Stored data:
#####

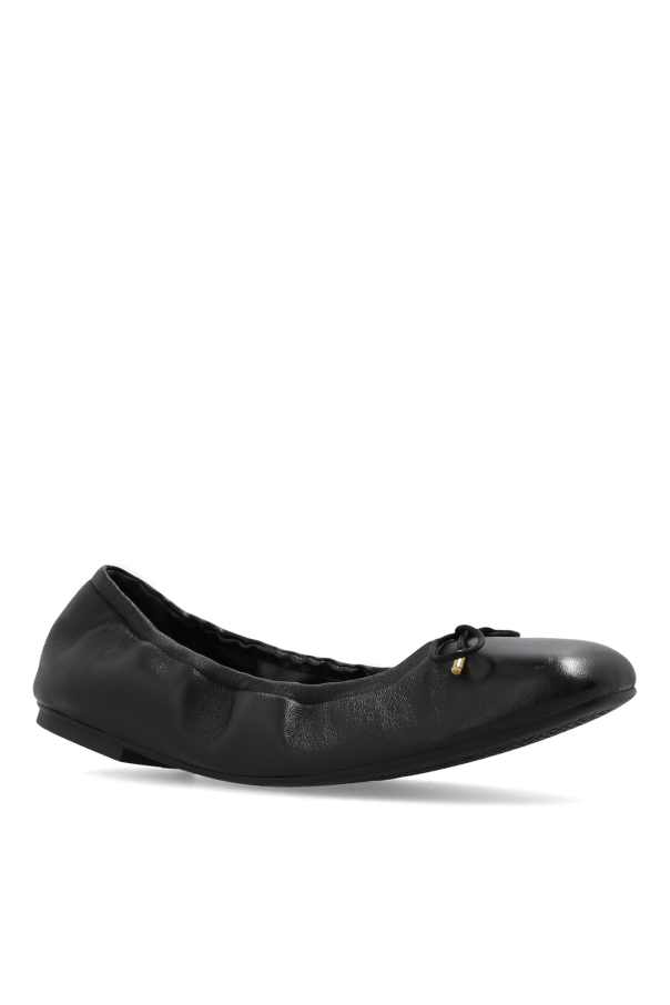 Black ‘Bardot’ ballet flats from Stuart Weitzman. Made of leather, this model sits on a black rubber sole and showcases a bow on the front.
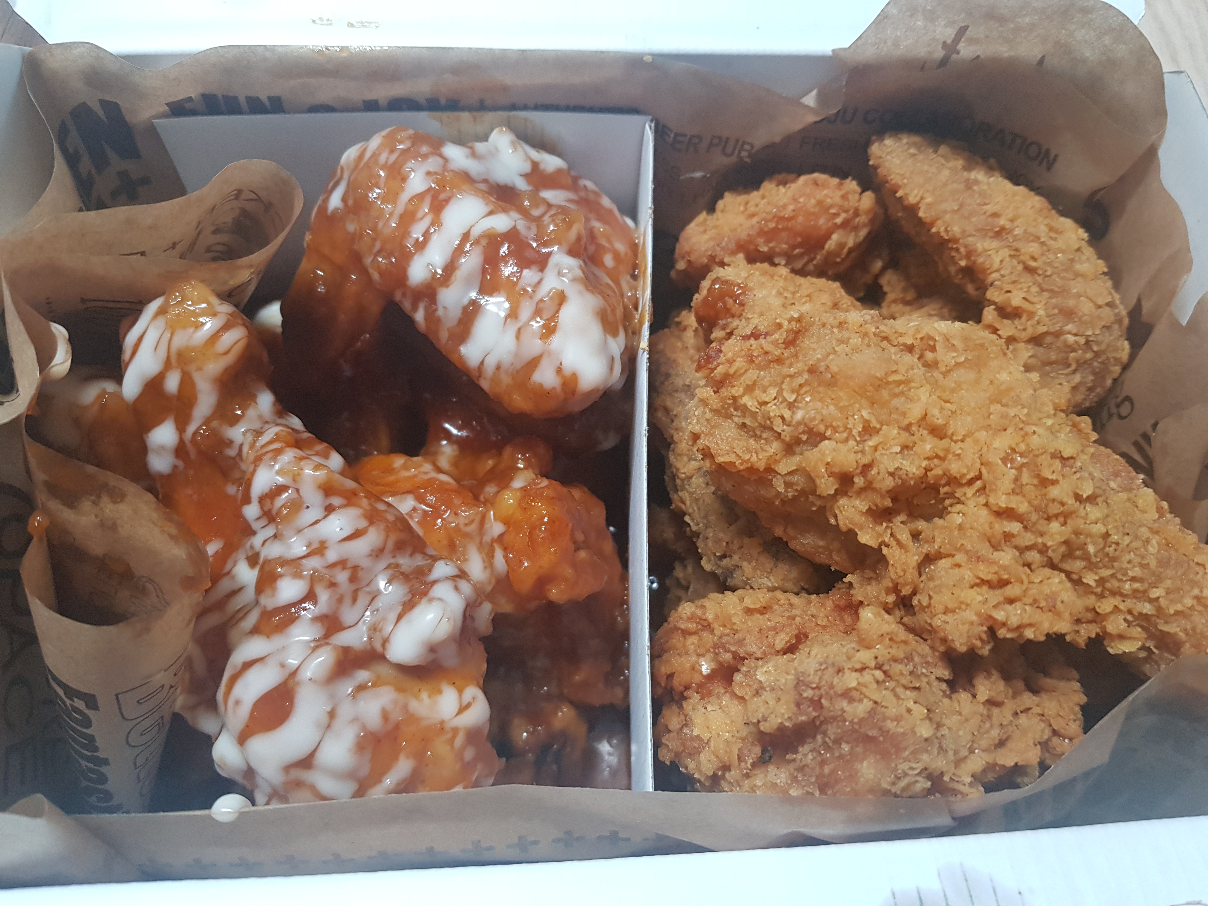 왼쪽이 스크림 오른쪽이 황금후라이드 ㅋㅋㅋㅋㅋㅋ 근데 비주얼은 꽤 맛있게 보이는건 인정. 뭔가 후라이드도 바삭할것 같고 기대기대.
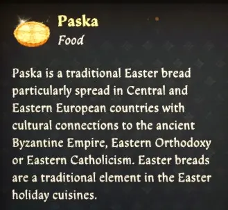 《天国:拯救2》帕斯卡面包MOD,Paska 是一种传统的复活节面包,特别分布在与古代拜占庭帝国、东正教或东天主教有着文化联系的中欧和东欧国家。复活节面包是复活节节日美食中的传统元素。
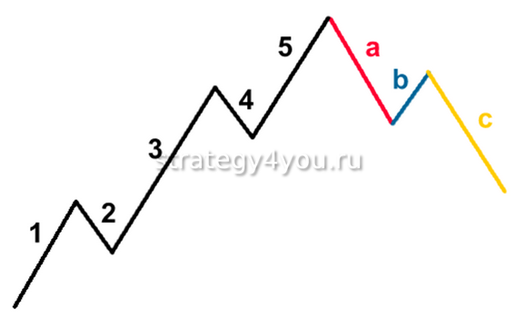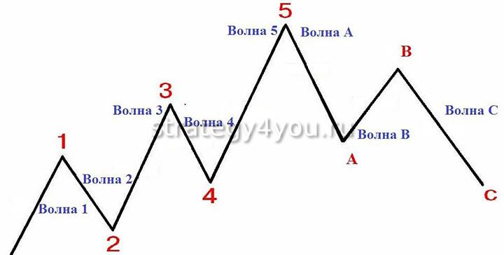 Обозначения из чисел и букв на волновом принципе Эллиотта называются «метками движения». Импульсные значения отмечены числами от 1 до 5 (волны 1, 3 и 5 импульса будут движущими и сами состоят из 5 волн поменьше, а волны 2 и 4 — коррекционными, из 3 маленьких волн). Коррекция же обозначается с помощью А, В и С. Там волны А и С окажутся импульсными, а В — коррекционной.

#####

Goal of the exercise: Return exactly the lines starting at the line with "왼쪽이 스크림 오른쪽이" and ending at the last line of the listing, both ends included; pictures are to be left out.

Answer to the problem:
 왼쪽이 스크림 오른쪽이 황금후라이드 ㅋㅋㅋㅋㅋㅋ 근데 비주얼은 꽤 맛있게 보이는건 인정. 뭔가 후라이드도 바삭할것 같고 기대기대.
 《天国:拯救2》帕斯卡面包MOD,Paska 是一种传统的复活节面包,特别分布在与古代拜占庭帝国、东正教或东天主教有着文化联系的中欧和东欧国家。复活节面包是复活节节日美食中的传统元素。
 Обозначения из чисел и букв на волновом принципе Эллиотта называются «метками движения». Импульсные значения отмечены числами от 1 до 5 (волны 1, 3 и 5 импульса будут движущими и сами состоят из 5 волн поменьше, а волны 2 и 4 — коррекционными, из 3 маленьких волн). Коррекция же обозначается с помощью А, В и С. Там волны А и С окажутся импульсными, а В — коррекционной.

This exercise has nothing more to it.